• EXERCISE BRIEF
Every record should be copied exactly, and the images omitted.

• Collected data entries
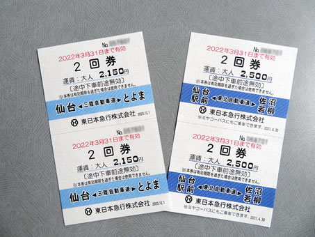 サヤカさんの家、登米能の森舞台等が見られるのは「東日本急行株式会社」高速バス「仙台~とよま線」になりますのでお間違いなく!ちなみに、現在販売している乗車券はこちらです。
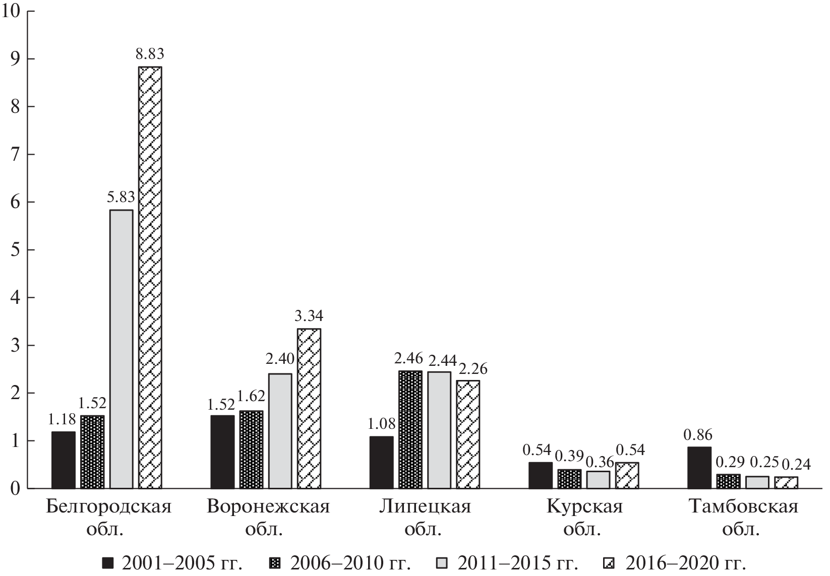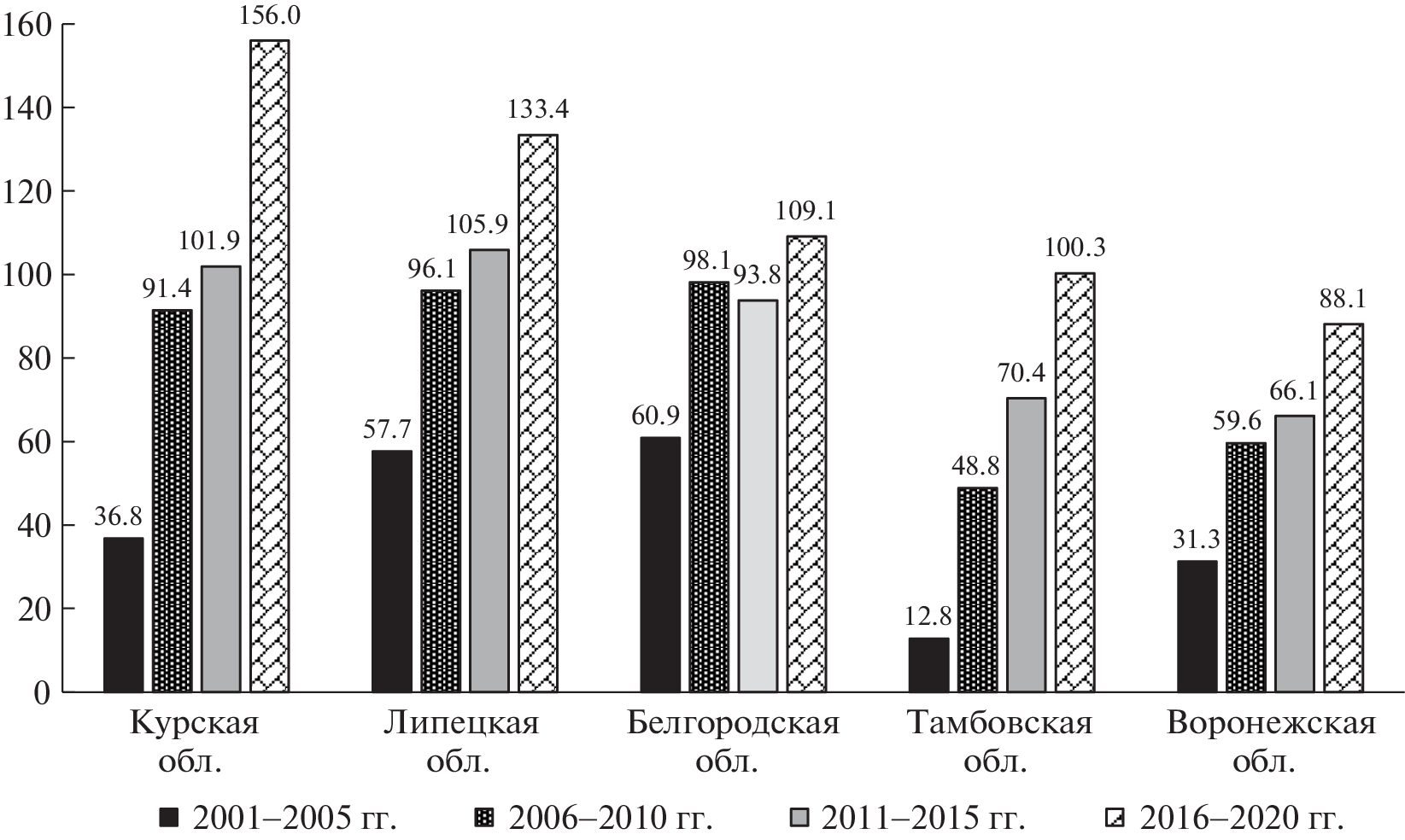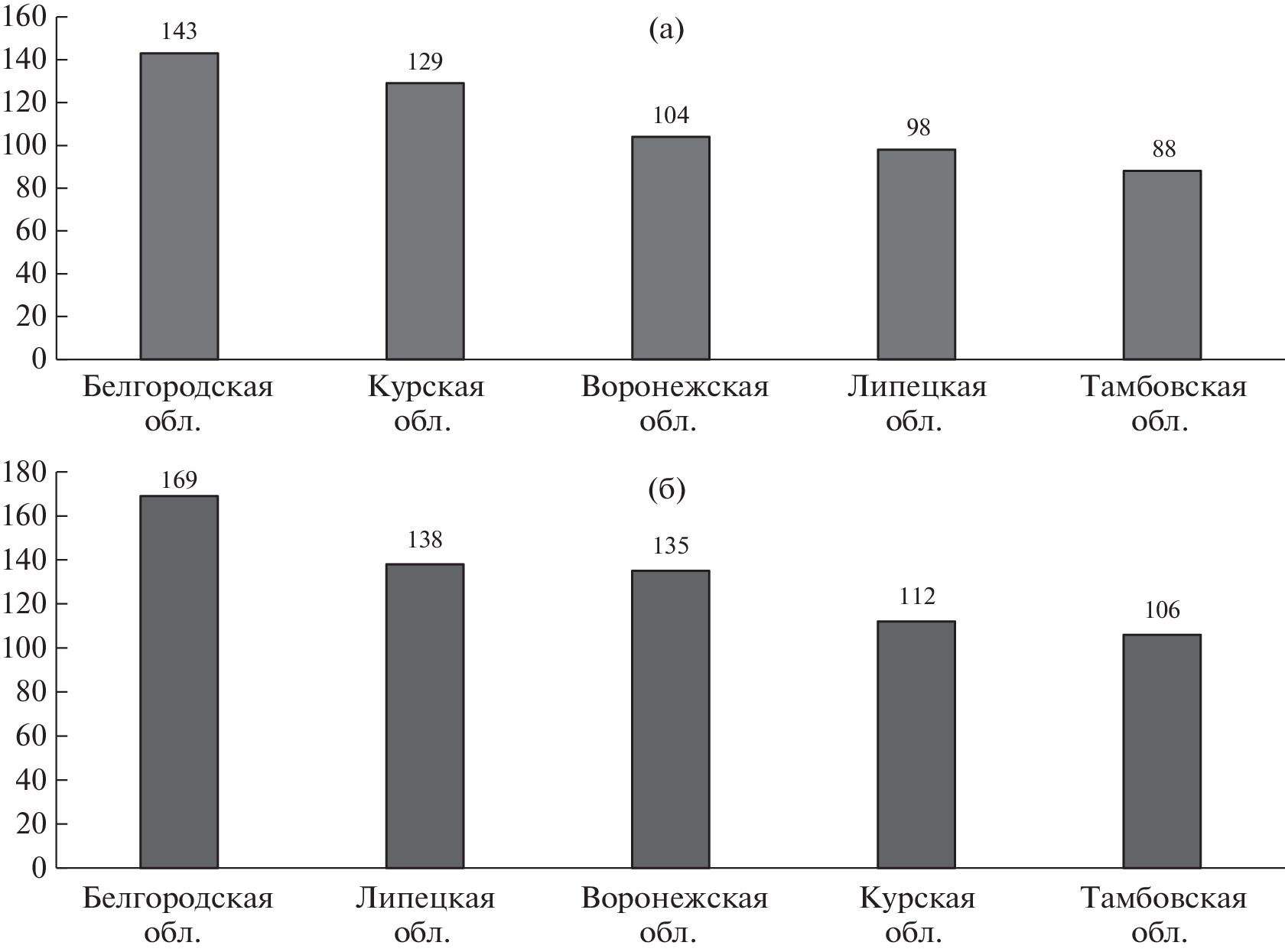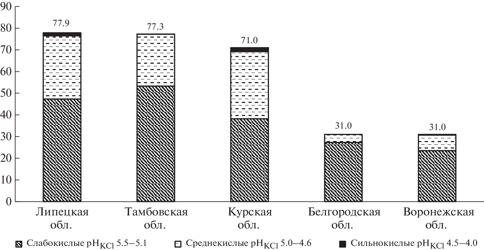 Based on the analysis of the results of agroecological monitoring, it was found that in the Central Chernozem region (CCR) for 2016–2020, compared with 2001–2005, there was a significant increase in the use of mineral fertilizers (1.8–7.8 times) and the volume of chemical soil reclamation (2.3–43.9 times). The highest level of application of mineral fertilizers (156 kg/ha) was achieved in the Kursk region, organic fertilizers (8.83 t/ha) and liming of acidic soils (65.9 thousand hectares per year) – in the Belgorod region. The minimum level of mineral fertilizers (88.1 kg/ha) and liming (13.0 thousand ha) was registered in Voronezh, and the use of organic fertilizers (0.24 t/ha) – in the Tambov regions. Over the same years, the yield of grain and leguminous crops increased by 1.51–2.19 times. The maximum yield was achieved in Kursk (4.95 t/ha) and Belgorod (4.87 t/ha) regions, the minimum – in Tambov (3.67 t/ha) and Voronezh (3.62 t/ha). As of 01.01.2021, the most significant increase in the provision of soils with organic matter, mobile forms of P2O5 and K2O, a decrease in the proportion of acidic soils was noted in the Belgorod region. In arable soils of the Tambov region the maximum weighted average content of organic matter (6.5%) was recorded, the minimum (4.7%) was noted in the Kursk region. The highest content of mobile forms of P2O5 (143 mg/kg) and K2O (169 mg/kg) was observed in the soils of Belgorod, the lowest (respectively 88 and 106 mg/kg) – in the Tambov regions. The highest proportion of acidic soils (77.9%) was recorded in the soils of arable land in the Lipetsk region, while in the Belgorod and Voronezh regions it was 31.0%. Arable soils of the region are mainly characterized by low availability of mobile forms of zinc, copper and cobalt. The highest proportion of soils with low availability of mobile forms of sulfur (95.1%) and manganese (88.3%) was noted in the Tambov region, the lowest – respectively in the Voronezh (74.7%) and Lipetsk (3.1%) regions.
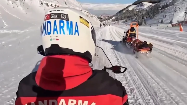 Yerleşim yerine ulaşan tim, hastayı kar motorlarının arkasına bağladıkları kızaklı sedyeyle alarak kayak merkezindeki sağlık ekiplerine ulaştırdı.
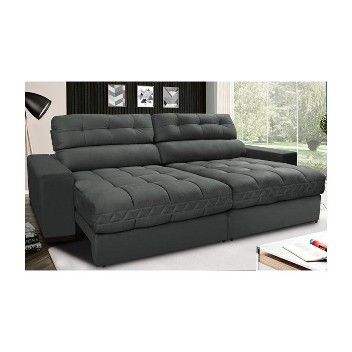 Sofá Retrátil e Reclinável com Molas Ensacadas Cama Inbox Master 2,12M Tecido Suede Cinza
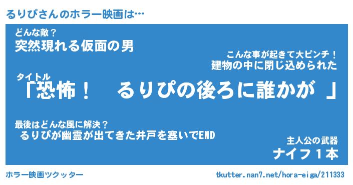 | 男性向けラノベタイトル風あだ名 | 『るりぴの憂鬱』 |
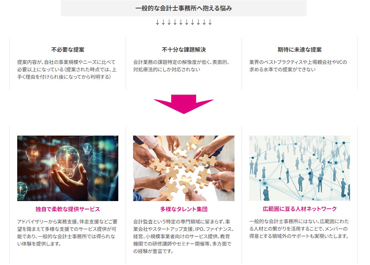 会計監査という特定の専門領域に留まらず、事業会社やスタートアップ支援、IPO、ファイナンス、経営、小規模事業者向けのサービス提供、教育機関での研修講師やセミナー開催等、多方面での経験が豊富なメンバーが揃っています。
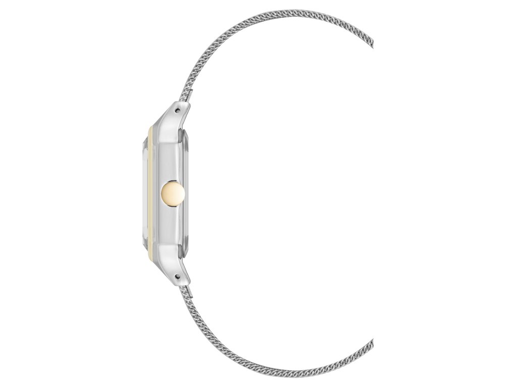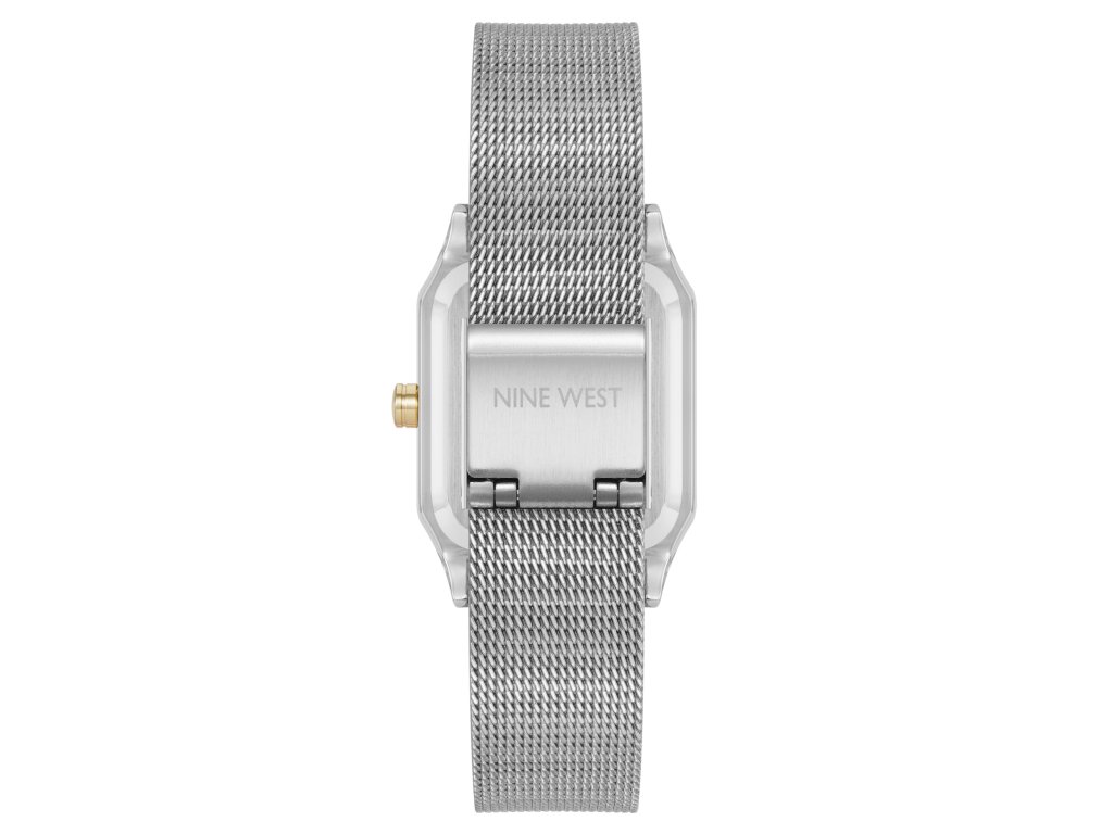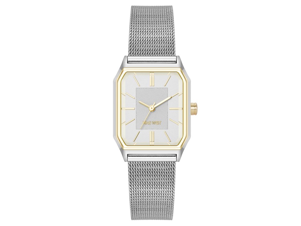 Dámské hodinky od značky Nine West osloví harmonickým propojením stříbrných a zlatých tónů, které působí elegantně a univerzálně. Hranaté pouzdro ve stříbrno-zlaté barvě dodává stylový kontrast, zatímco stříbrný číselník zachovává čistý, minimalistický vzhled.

• SOLUTION TO THIS TASK
 サヤカさんの家、登米能の森舞台等が見られるのは「東日本急行株式会社」高速バス「仙台~とよま線」になりますのでお間違いなく!ちなみに、現在販売している乗車券はこちらです。
 Based on the analysis of the results of agroecological monitoring, it was found that in the Central Chernozem region (CCR) for 2016–2020, compared with 2001–2005, there was a significant increase in the use of mineral fertilizers (1.8–7.8 times) and the volume of chemical soil reclamation (2.3–43.9 times). The highest level of application of mineral fertilizers (156 kg/ha) was achieved in the Kursk region, organic fertilizers (8.83 t/ha) and liming of acidic soils (65.9 thousand hectares per year) – in the Belgorod region. The minimum level of mineral fertilizers (88.1 kg/ha) and liming (13.0 thousand ha) was registered in Voronezh, and the use of organic fertilizers (0.24 t/ha) – in the Tambov regions. Over the same years, the yield of grain and leguminous crops increased by 1.51–2.19 times. The maximum yield was achieved in Kursk (4.95 t/ha) and Belgorod (4.87 t/ha) regions, the minimum – in Tambov (3.67 t/ha) and Voronezh (3.62 t/ha). As of 01.01.2021, the most significant increase in the provision of soils with organic matter, mobile forms of P2O5 and K2O, a decrease in the proportion of acidic soils was noted in the Belgorod region. In arable soils of the Tambov region the maximum weighted average content of organic matter (6.5%) was recorded, the minimum (4.7%) was noted in the Kursk region. The highest content of mobile forms of P2O5 (143 mg/kg) and K2O (169 mg/kg) was observed in the soils of Belgorod, the lowest (respectively 88 and 106 mg/kg) – in the Tambov regions. The highest proportion of acidic soils (77.9%) was recorded in the soils of arable land in the Lipetsk region, while in the Belgorod and Voronezh regions it was 31.0%. Arable soils of the region are mainly characterized by low availability of mobile forms of zinc, copper and cobalt. The highest proportion of soils with low availability of mobile forms of sulfur (95.1%) and manganese (88.3%) was noted in the Tambov region, the lowest – respectively in the Voronezh (74.7%) and Lipetsk (3.1%) regions.
 Yerleşim yerine ulaşan tim, hastayı kar motorlarının arkasına bağladıkları kızaklı sedyeyle alarak kayak merkezindeki sağlık ekiplerine ulaştırdı.
 Sofá Retrátil e Reclinável com Molas Ensacadas Cama Inbox Master 2,12M Tecido Suede Cinza
 | 男性向けラノベタイトル風あだ名 | 『るりぴの憂鬱』 |
 会計監査という特定の専門領域に留まらず、事業会社やスタートアップ支援、IPO、ファイナンス、経営、小規模事業者向けのサービス提供、教育機関での研修講師やセミナー開催等、多方面での経験が豊富なメンバーが揃っています。
 Dámské hodinky od značky Nine West osloví harmonickým propojením stříbrných a zlatých tónů, které působí elegantně a univerzálně. Hranaté pouzdro ve stříbrno-zlaté barvě dodává stylový kontrast, zatímco stříbrný číselník zachovává čistý, minimalistický vzhled.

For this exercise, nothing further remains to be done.